Subject: SUMMARY: Machine hangs every night (Longish .... and late )

From: vispi@lgc.com
Date: Thu Nov 07 1991 - 22:02:45 CST


Hi Everybody
Pardon the late summary. Our problem was conclusively fixed yesterday. My original
posting follows:

==>
==>
==>
==>Hi sun managers
==>
==>We run the Legato backup product Networker every night. Our backup
==>server is a Sparc 4/370 32 Megs memory and 137 Megs of swap. running 4.1.1
==>Every night around 3:00 am the machine JUST STOPS.
==>Yes, it just stops, there is nothing in the messages file, nothing in
==>the Legato backup logs. We have a cronjo that kicks off every night
==>at 3:15 am.
==>
==>15 3 * * * find / -name .nfs\* -mtime +7 -exec rm -f {} \; -o -fstype nfs -prune
==>
==>This is a standard cron entry for all sun machines.
==>
==>In the morning i get the following results.
==>
==>rsh: no response.
==>telnet: Trying <IP address>
==> Connected to <machine name>
==> Escape character is '^]'.
==>
==>
==> NOTE: I don't get the login prompt.
==>
==>Console has frozen, and any windows left open on the machine from a workstation
==>are all frozen. There is nothing I can do accept Break and reboot.
==>This happens consistently for the past 3 days.
==>Any help will be greatly appreciated. Thank you in advance.
==>
==> -Vispi Dumasia
==> vispi@lgc.com

- -------

Many thanks to:
kwthomas@nsslsun.nssl.uoknor.edu (Kevin W. Thomas)
cdr@acc.stolaf.edu (Craig D. Rice)
Chris Maio <chris@boxhill.com>
John R. Kilheffer <amp19263@garfield.amp.com>
earl@division.cs.columbia.edu (Earl Smith)
jwseave@srv.pacbell.com (Jim Seavey)
jeanneg@iscnvx.lmsc.lockheed.com (J Y Gee)
Bruce Arden <arden@tcom.stc.co.uk>

The common advise was that its a swap space problem. While it is true that NetWroker
consumes large quantities of swap, for a parallellism of 4, 100 Megs plus swap is enough.
I beefed up the swap, and reduced the parallellism to 2, but the problem did not go away.

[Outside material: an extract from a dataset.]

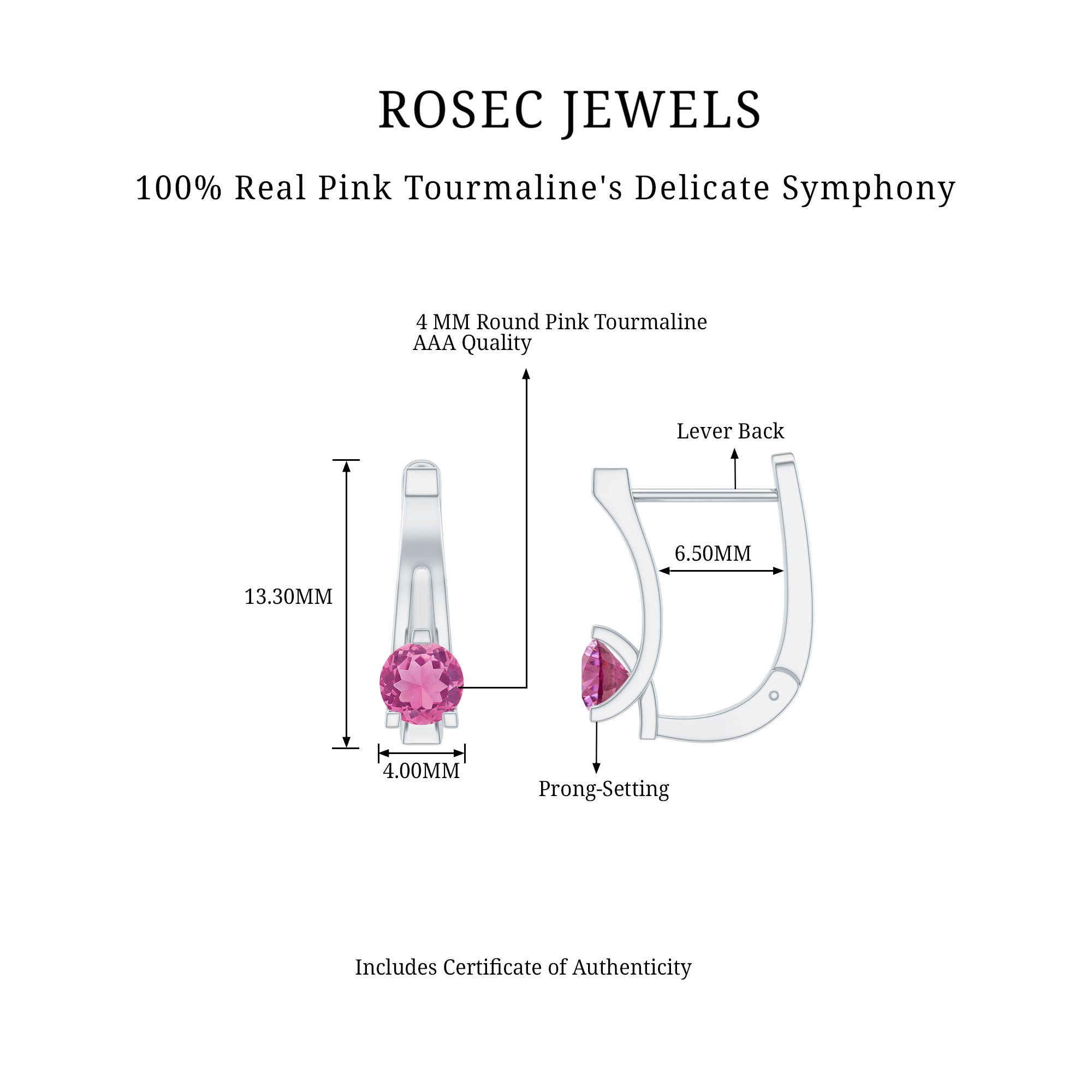 Surprise your beloved with an enduring jewelry item the exquisite J Hoop Earrings. These earrings elegantly display a captivating Round Shape Pink Tourmaline, delicately placed as a centerpiece in a secure 3 Prong Setting. Designed with a Lever Back Finding for easy wear, these Solitaire Hoop Earrings serve as a flawless embodiment of your deep affection and care.

It was suggested that I was running out of mbufs. Increased those, no avail.

There were no non standard devices on the machine, so we were clean on that count.

Bruce Arden suggested it might be a disk problem, sometimes the disk fsck's clean, but any
access to a certain section can send the kernel into an endless loop. He suggested I dump,
newfs (I reformatted) and restore the disk/filesystem. I think this was the cause, since
I could replicate it by running a fast find on that filesystem. Incidentally that's the
same filesystem on which the NetWorker indexes resided.

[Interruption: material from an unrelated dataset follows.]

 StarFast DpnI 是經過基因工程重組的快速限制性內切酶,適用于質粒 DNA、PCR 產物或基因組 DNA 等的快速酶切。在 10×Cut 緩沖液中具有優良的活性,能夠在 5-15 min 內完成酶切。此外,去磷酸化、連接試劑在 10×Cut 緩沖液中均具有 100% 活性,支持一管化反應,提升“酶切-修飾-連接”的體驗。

Something which I discovered, was that in the "Hidden Options" menu in nsradmin
there is a sub-option "Release State". Somehow that was set to Test instead of Production
as it should be. I changed it back to Production. If someone's interested email me and
I'll send details.

        -Vispi
        vispi@lgc.com

Individual responses follow.
- ----

Make sure you have "savecore" enable in /etc/rc.local. When you come in the
morning, and it is frozen, do a L1-A, and type a "g0". This will generate
a "panic: zero". It will also give make a crash dump of the system. You
can do a "ps lawxk vmunix.# vmcore.#" to see what the system looked like
before you forced the dump. The "crash" utility can be used to analyze
crash dumps, though I'm not very familar with it.

        Kevin W. Thomas
        National Severe Storms Laboratory
        Norman, Oklahoma

=====

Yes yes yes! We are having this exact same problem... We have three
SS2 fileservers, 32MB RAM, 1GB disk. The only server we see this problem
with is the one running Networker software. This server also has
an additional 1GB disk and a PrestoServe board...

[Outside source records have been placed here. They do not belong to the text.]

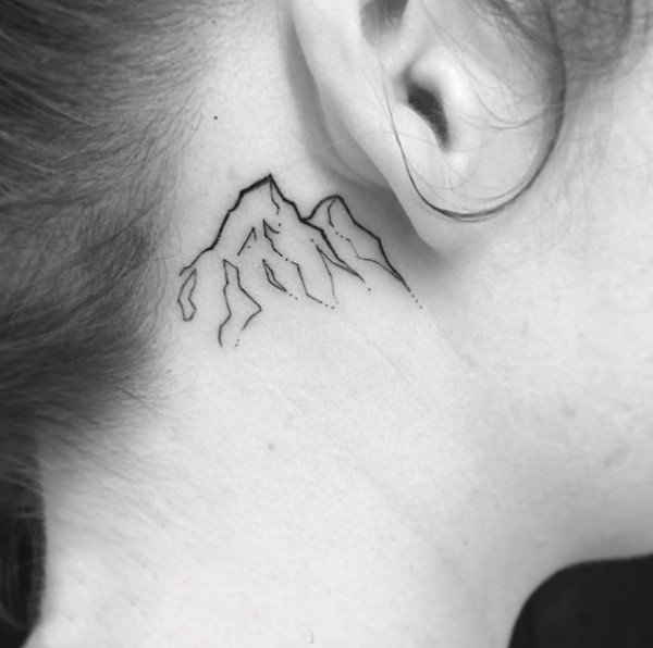 巍峨的个性点刺技巧抽象线条山脉风景纹身图案
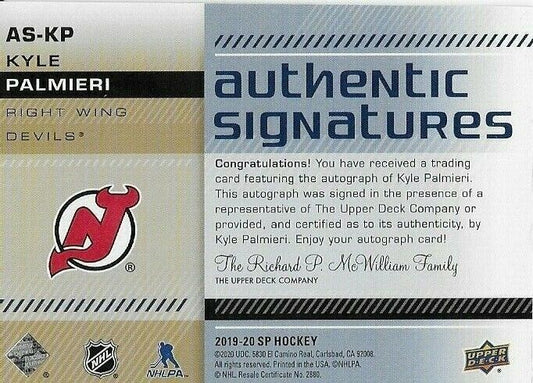 2019-20 Upper Deck SP Kyle Palmieri Autographed Authentic Signatures
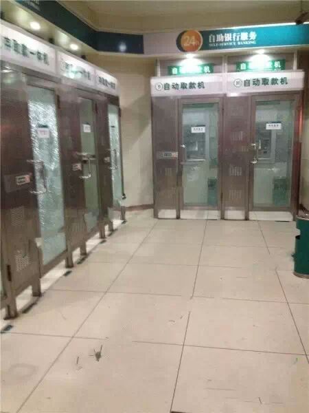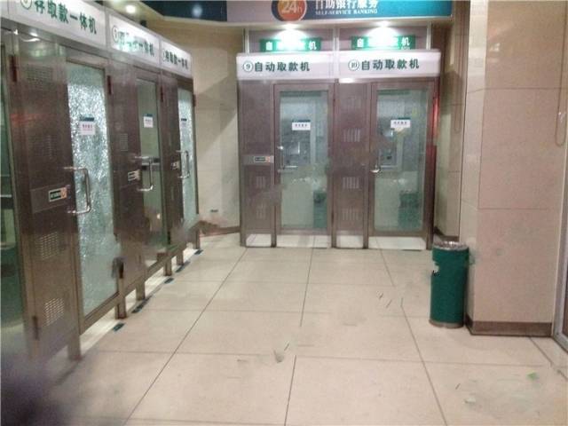 昨天晚上10點,有急事用錢,就去貝村路的農(nóng)業(yè)銀行取錢,可是為什么那么晚了居然還有人在排隊? 走近邊上門玻璃都是裂紋的取款機一看........我的乖乖,透過玻璃一看,取款機的顯示屏被砸了。一連五臺取款機都被砸了!

We have applied patch 100330-02.beta, which took care of a different kind
of hanging problem, but just recently we started seeing behavior
exactly as you . . .

We'll keep you informed,
Craig
- --
Craig D. Rice UNIX Systems Specialist/Network Analyst
cdr@acc.stolaf.edu Academic Computing Center, St. Olaf College
+1 507 663-3631 1520 St. Olaf Avenue
+1 507 663-3549 FAX Northfield, MN 55057-1098 USA

=====

Vispi,

It sounds like you may be running out of mbufs. There are a few patches
from Sun that address system hang problems.

One way to hang SunOS is to run NetWorker with its "parallelism"
attribute set to a large number (more than 6 or so). If yours is larger
than 4, try lowering it (see nsradmin(4)).

Chris

====

Two things....

Check the amount of swap space available and keep a close eye on it. We've
found that Legato can consume huge amounts of swap especially if you are
backing up multiple clients and have compression enabled. Further, when you
run out of swap, instead of failing Legato seems to just hang around until
more becomes available (and then immediately eats that up as well). Needless
to say, since there is no swap available, you can't get logged in to either
kill the Legato process or temporarily add more swap space... catch-22.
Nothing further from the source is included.